**WORKING DATA**
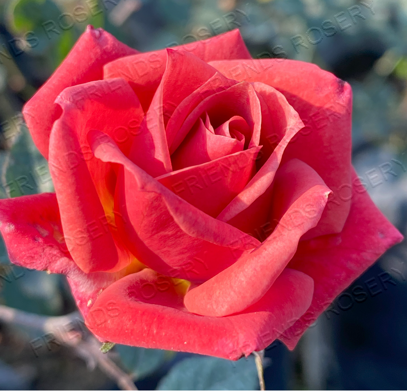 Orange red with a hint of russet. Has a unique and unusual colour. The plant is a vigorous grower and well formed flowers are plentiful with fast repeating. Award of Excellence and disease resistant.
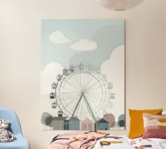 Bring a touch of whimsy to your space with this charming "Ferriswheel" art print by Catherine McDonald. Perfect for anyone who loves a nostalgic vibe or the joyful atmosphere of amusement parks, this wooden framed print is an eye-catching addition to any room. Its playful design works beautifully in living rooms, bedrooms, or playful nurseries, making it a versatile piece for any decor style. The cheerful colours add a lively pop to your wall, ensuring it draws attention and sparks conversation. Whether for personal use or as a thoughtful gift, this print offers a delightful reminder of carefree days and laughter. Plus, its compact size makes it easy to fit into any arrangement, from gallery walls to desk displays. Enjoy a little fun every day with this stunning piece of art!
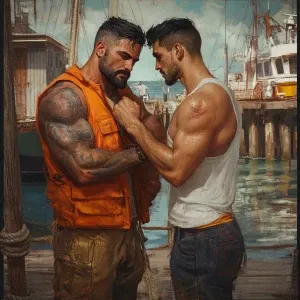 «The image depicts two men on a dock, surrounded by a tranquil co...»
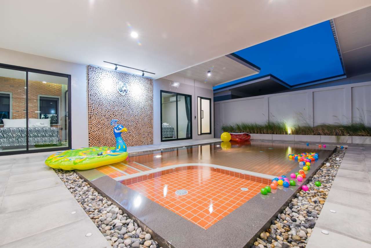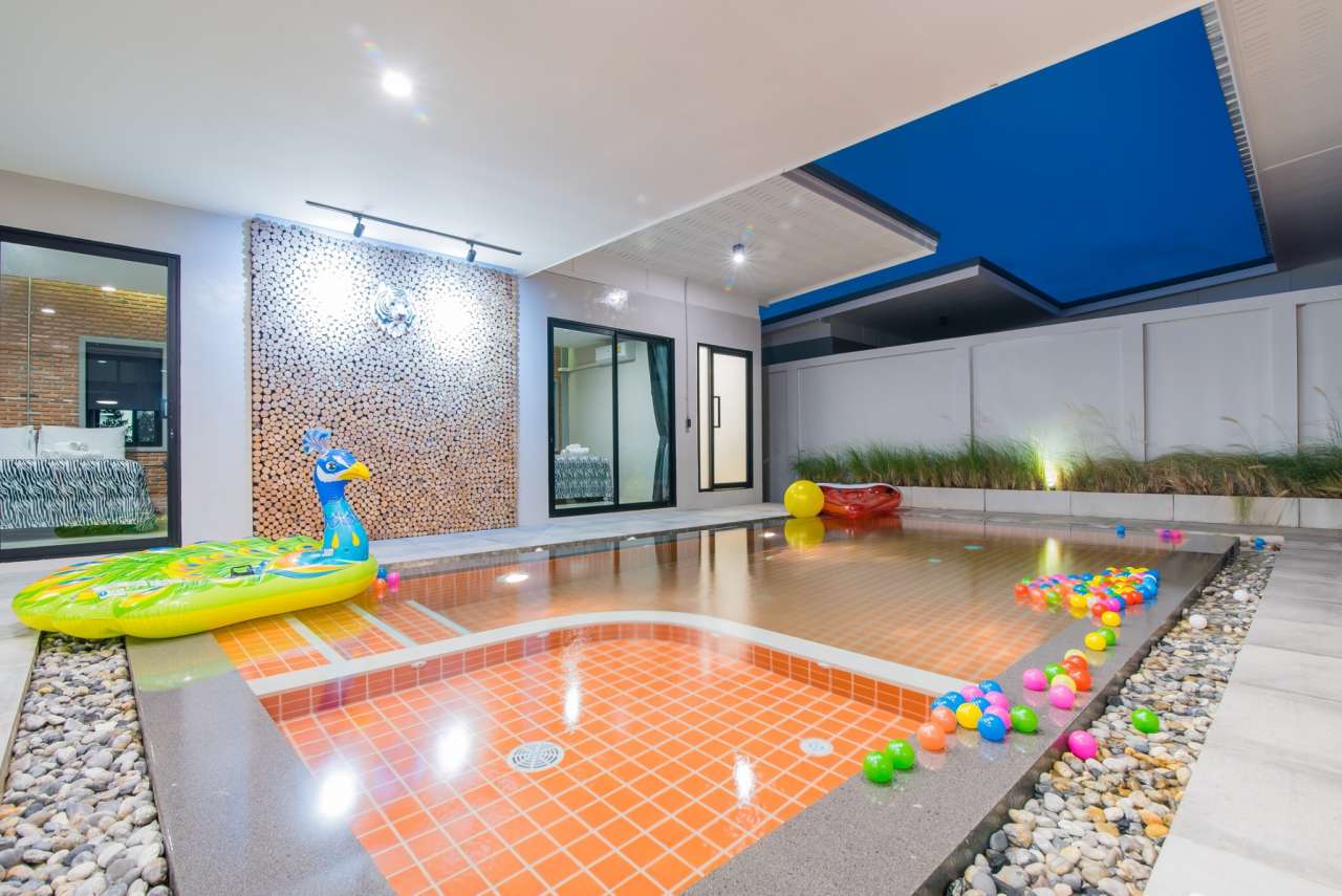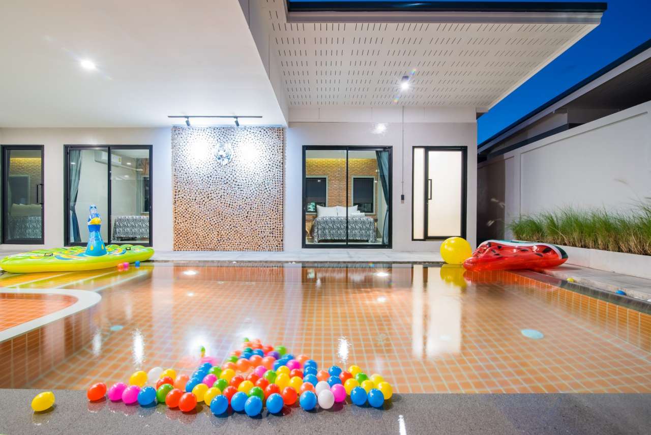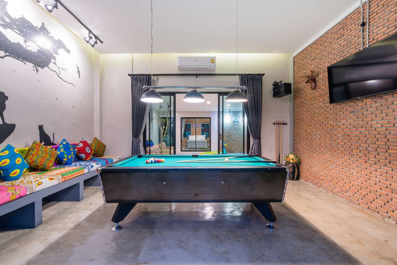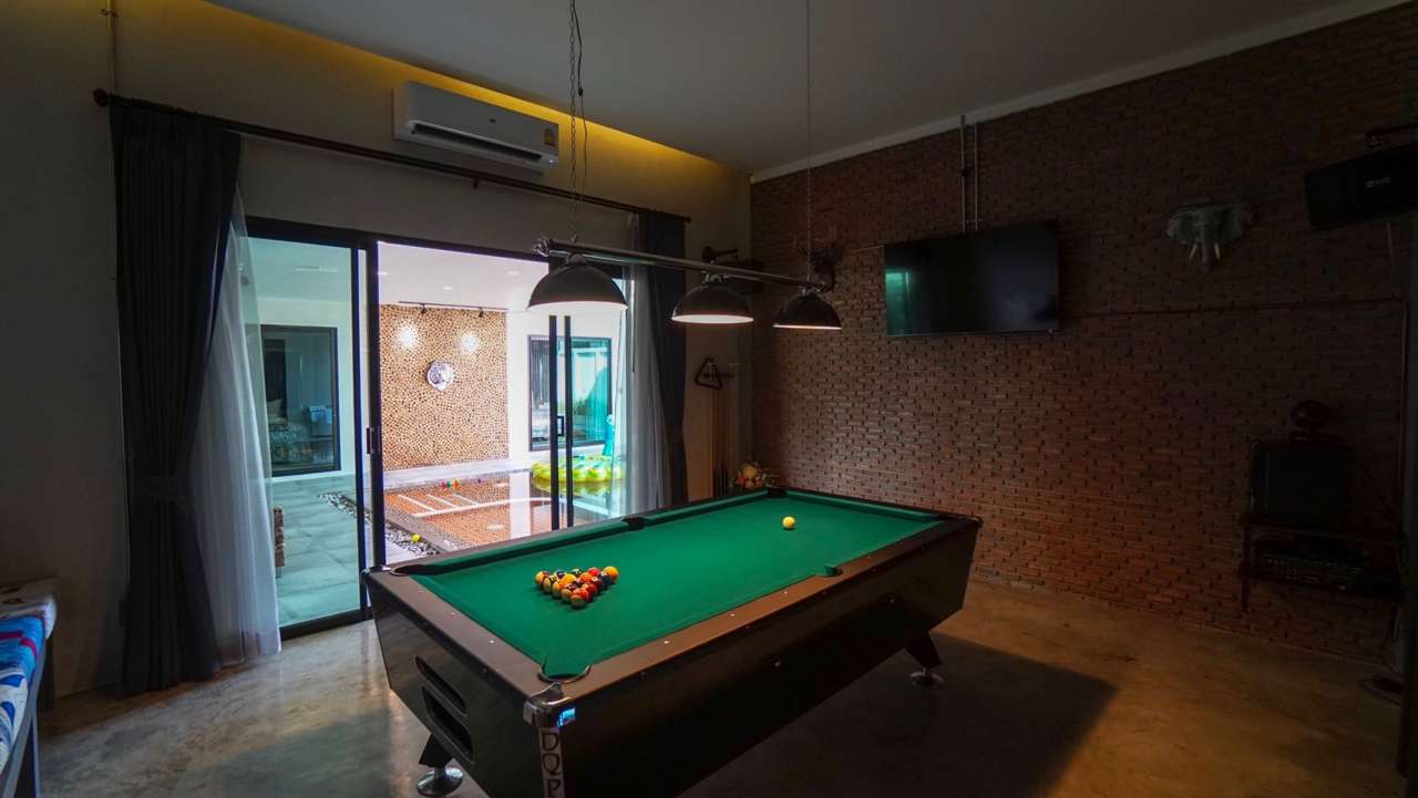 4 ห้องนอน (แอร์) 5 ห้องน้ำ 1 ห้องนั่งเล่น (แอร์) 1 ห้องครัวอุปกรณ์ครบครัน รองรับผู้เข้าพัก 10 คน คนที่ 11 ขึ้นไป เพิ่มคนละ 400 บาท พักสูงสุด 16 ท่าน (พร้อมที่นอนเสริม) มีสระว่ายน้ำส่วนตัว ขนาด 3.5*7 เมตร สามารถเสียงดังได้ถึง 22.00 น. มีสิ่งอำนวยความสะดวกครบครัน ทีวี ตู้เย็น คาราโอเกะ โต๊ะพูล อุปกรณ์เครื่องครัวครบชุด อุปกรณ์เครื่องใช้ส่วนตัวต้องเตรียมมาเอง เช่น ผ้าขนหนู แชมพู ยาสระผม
==
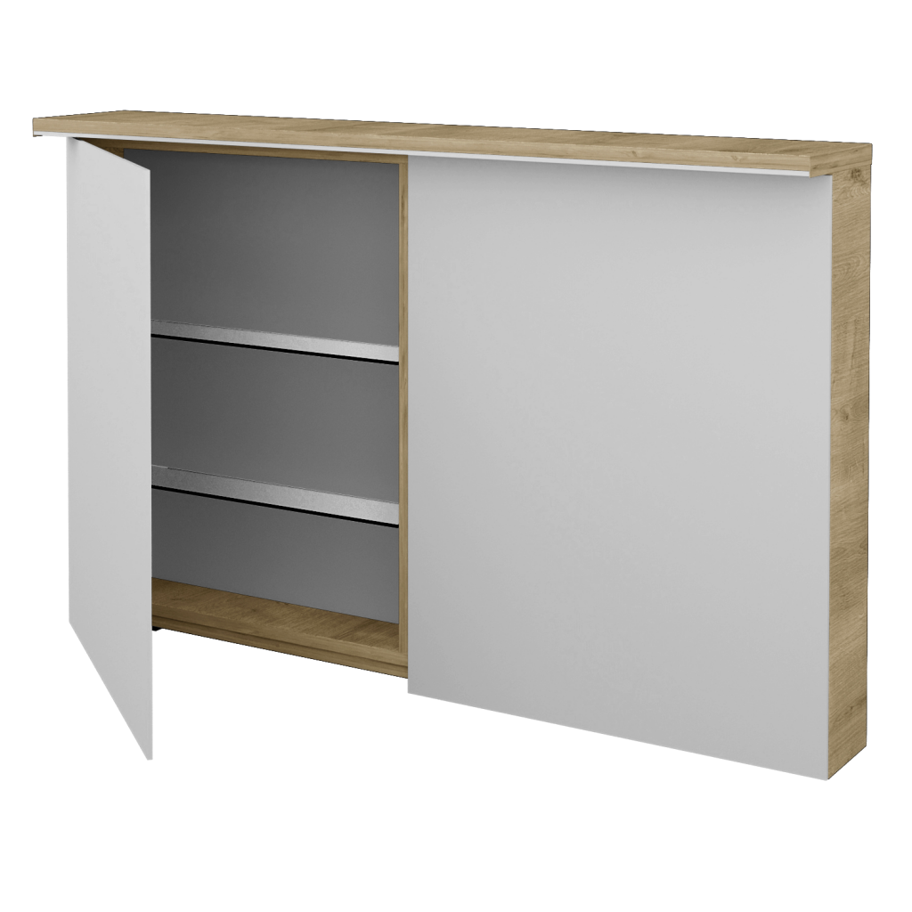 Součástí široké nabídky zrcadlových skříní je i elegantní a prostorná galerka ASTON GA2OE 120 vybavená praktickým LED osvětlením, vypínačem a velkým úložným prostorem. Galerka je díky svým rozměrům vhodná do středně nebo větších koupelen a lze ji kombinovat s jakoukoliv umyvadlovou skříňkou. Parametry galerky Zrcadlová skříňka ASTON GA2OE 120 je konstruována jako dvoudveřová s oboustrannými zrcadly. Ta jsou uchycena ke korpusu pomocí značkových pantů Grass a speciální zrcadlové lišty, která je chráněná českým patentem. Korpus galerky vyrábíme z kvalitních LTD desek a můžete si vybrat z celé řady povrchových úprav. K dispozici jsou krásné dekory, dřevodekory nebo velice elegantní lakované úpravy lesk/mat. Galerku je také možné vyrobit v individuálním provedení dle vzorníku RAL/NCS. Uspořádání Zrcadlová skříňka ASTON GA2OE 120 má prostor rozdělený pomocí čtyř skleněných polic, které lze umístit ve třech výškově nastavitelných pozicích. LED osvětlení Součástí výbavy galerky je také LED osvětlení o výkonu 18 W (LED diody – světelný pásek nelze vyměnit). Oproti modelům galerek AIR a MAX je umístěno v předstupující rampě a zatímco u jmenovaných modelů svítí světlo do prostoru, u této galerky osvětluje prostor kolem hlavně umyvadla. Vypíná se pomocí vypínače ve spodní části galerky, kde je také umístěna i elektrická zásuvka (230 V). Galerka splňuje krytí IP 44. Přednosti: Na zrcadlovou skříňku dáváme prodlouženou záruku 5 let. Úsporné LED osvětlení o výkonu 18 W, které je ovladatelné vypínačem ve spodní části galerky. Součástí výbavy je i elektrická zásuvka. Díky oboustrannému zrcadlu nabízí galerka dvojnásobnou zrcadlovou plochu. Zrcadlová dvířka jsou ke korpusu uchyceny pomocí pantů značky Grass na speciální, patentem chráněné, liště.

**EXERCISE DETAILS**
Reproduce word for word, with pictures dropped, only the part of the material above that opens with the line containing "image depicts two" and closes with the line containing "4 ห้องนอน (แอร์)".

**YOUR SOLUTION**
 «The image depicts two men on a dock, surrounded by a tranquil co...»
 4 ห้องนอน (แอร์) 5 ห้องน้ำ 1 ห้องนั่งเล่น (แอร์) 1 ห้องครัวอุปกรณ์ครบครัน รองรับผู้เข้าพัก 10 คน คนที่ 11 ขึ้นไป เพิ่มคนละ 400 บาท พักสูงสุด 16 ท่าน (พร้อมที่นอนเสริม) มีสระว่ายน้ำส่วนตัว ขนาด 3.5*7 เมตร สามารถเสียงดังได้ถึง 22.00 น. มีสิ่งอำนวยความสะดวกครบครัน ทีวี ตู้เย็น คาราโอเกะ โต๊ะพูล อุปกรณ์เครื่องครัวครบชุด อุปกรณ์เครื่องใช้ส่วนตัวต้องเตรียมมาเอง เช่น ผ้าขนหนู แชมพู ยาสระผม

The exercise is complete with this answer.